Reserve Bank of Australia set to conduct “holistic review” of retail payments regulation
The Reserve Bank of Australia (RBA) is to commence a review of the country’s retail payments regulation with a focus on “encouraging the payments industry to address efficiency, competition and safety issues itself”.
The review was announced by Ellis Connolly, head of payments policy at RBA, during his speech at the Merchant Risk Council Conference in Melbourne this week.
Connolly confirmed that the review would take place once the Australian government completes its evaluation of the current Payment Systems Regulation Act 1998 (PSRA), which also outlines the scope of the RBA’s regulatory powers.

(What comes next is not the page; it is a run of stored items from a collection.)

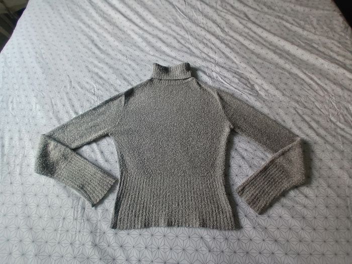 Pull col roulé gris maille bouclettes - photo numéro 1
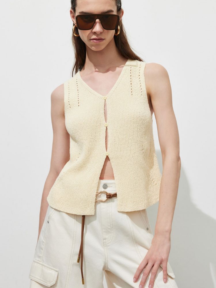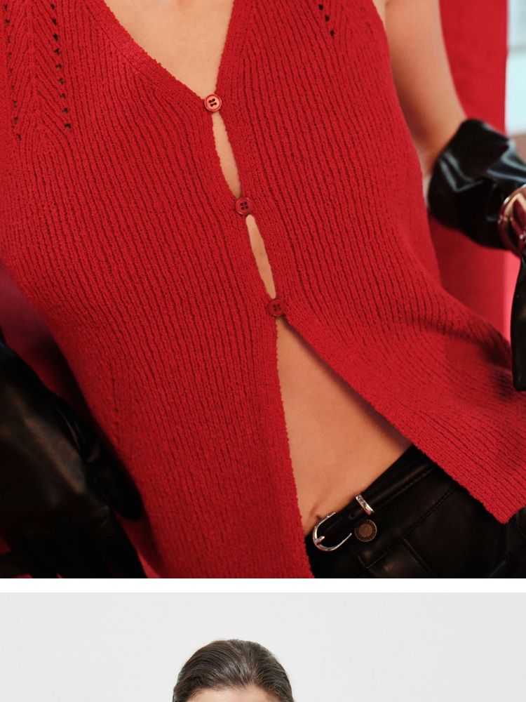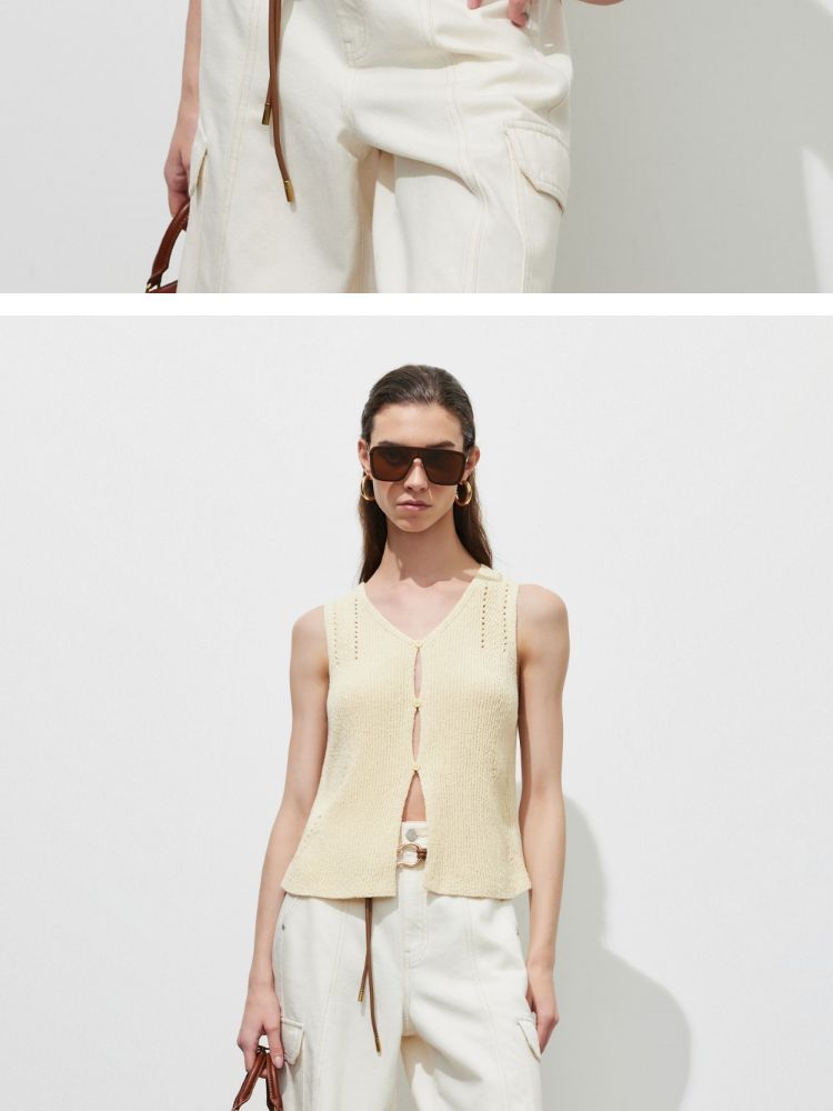 商品名称:【复古马甲】2025春季美式纯色宽松纽扣无袖开衫马甲针织衫女 104154
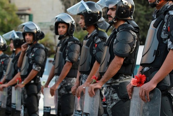 Image of Jordanian forced holding flowers distributed by protesters calling for release of political prisoners in Amman last month. Muhammad Hamed/Reuters.
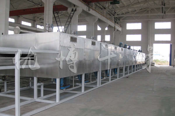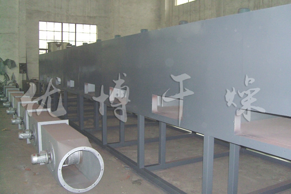 物料由加料器均勻地鋪在網帶上,網帶一般采用12-60目不銹鋼絲網,由傳動裝置拖動在干燥機內移動。干燥機由若干單元組成,每一單元熱風獨立循環,部分尾氣由專門排濕風機排出,廢氣由調節閥控制,熱氣由下往上或由上往下穿過鋪滿物料的網帶完成熱量與質量傳遞的進程,帶走物料水份。網帶緩慢移動,運行速度可根據物料溫度自由調節,干燥后的成品連續落入收料器中。上下循環單元根據用戶需要可靈活配備,單元數量亦可根據需要選取。
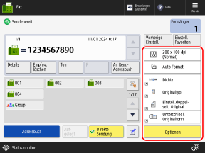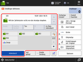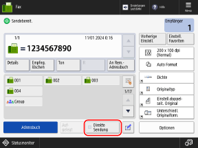 Das Fax kann an einen falschen Empfänger gesendet werden, wenn die Empfängereinstellung für das zuvor gesendete Fax bestehen bleibt. Setzen Sie die Einstellung zurück, bevor Sie den Vorgang ausführen.
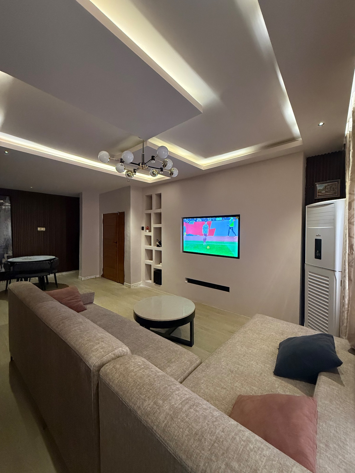 Iflethi entsha enamagumbi okulala ayi-2 eseIjegun, eLagos (eNigeria). Le flethi inethelevishini eyi-45inch, i-DSTV, ii-air conditioner kumagumbi okulala/kwigumbi lokuhlala kunye neefeni ezongezelelekileyo. Kukho i-2.5KVA x3 inverter kunye ne-8KVA generator (iindleko ezigqunywe ziindwendwe) Iflethi ifumaneka imini nobusuku, indawo ekhuselekileyo. NCEDA UNGABHUKISHELI UNDWENDWE OLUYI-1. BHUKISHA NGOKWENANI LEENDWENDWE 'EZIHLALA' KWIFLETHI OKANYE KWINDLU EKWICOMPLEX SUKU NGALUNYE. (UBUNCINANE BEENDWENDWE EZIYI-2). Enkosi.
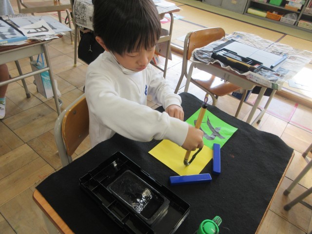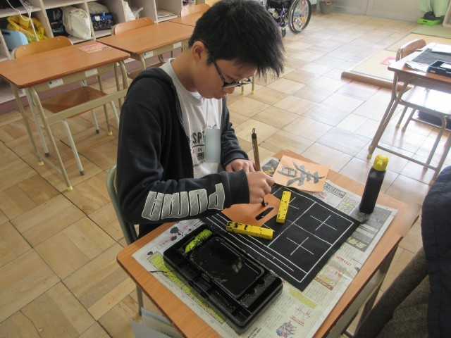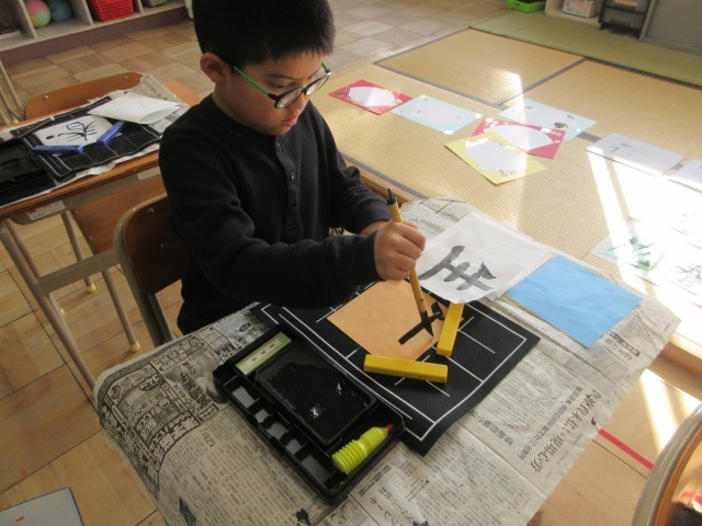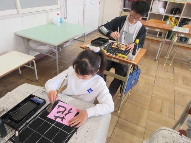 書写では、自分が選んだ文字を書きました。筆のはらいや、とめに気を付けてかきました。とても真剣に取り組み、立派な字が書けました。
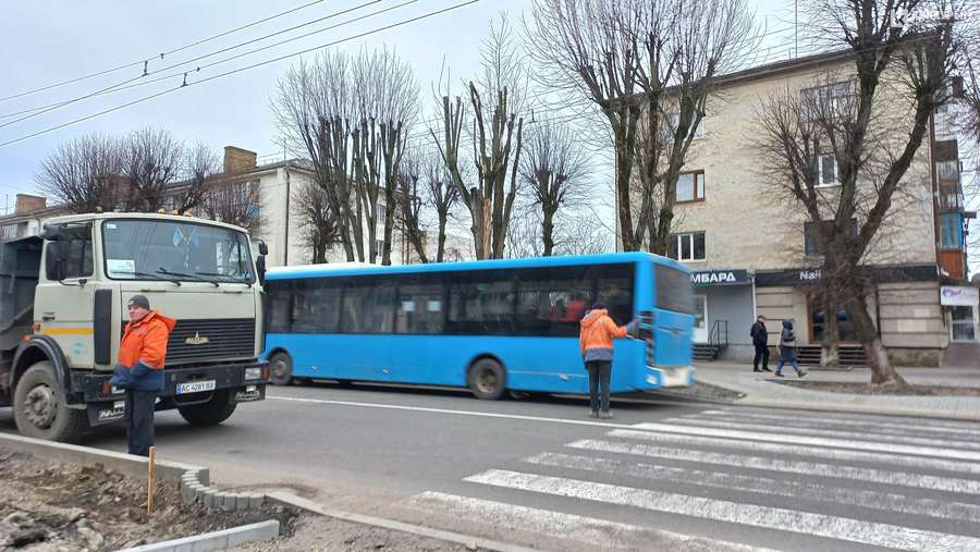 Зранку у понеділок, 27 лютого дорожники продовжили роботи на відрізку поруч із Сіті Парком та станцією переливання крові.

This initial hurdle will seek to update the definitions of a payment system and participant “so that newer players can also be regulated if necessary”, as well as assess “some systems and participants that are increasingly prominent in online retail payments”, such as payment gateways, payment facilitators, digital wallet providers and buy now, pay later (BNPL) services.
Payments under the microscope
The completion of this remit will be followed by “a holistic review of retail payments regulation” conducted by the RBA, Connolly confirms, with a specific focus on the transparency and cost of payment services for consumers and merchants, surcharging frameworks, mobile wallets and cross-border payments.
He explains that the central bank will, in part, attempt to meet this focus by reforming various policy issues relating the card payments.
These include: the cost of card payments for end users (including scheme fees and international card transaction costs); how the least-cost routing of online debit card transactions can be achieved to the benefit of lower merchant costs; the promotion of competitive payment services among e-commerce platforms; and the introduction of tokenisation standards for online card payments.
For BNPL, Connolly also revealed the RBA’s plans to readdress certain no-surcharge rules for service operators, which would in effect enable retailers to pass operational costs on to BNPL consumers.
“In 2021, the RBA concluded that merchants should be allowed to surcharge BNPL services,” he said. “The RBA’s view at the time was that any benefits of no-surcharge rules in terms of supporting new entry into the payments market was outweighed by the costs in terms of efficiency and competition in the payments system.
“However, it was not clear that the RBA had the power to require the removal of these no-surcharge rules. After the reforms to the PSRA, the RBA plans to revisit this issue as part of a broader review of whether the RBA’s surcharging framework remains fit for purpose.”